Career
His contributions to Cantonese opera significantly influenced Hong Kong"s reform and development of the genre beginning in the late 1930s. He also wrote the film scripts adapted from his own operas, directed the movies and at times acted in them himself. A few of his most famous works include Bird at Sunset (落霞孤騖 cantonese: laai6 haa4 gu1 mou6), Red Tears of an Aspen (白楊紅淚 baak6 joeng4 gung1 leoi6), Sweet Dreams (花都綺夢 faa1 dou1 ji2 mung6), and his last piece The Reincarnation of Lady Plum Blossom (再世紅梅記 zoi3 sai3 gung1 mui4 gei3).
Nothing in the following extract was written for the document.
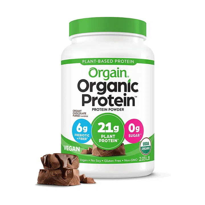 Suitable even for vegans, this plant-based protein powder contains 21g of protein and zero grams of sugar per serving. Use it to make protein shakes, smoothies, pancakes and more.

Tang was born in Heilongjiang province, northeastern China.
Upon graduating from the Guangdong Sun Yat-sen Memorial Middle School, Tang reportedly attended the Shanghai Fine Arts School and also the Shanghai Baptist College. Tang worked as a copyist and assistant to Fung Chi-fen (馮志芬) and Nam Hoi Sup-sam Long (南海十三郎), two famous writers for the troupe.
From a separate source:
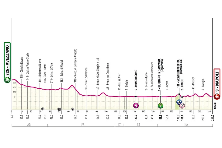 Какие-то активные действия и неожиданные сюрпризы могут произойти только в последний час гонки, когда пелотон будет приближаться непосредственно к Неаполю. Здесь организаторы приготовили четыре небольших «холма», которые сами по себе не выглядят очень сложными, но на фоне общей усталости могут сыграть свою роль и отсеять того, кого команды очень бы не хотели терять: от штатного спринтера до почувствовавшего себя нехорошо генеральщика.

With the encouragement of Sit Kok Sin, Tang began his career as a playwright in 1938 with his first opera The Consoling Lotus of Jiangcheng (江城解語花 gong1 sing4 gaai2 jyu5 faa1). Throughout the next twenty years Tang wrote a total of 446 opera scripts, while 80 of those were adapted to movies.
He also directed nine films himself, and acted in four of them.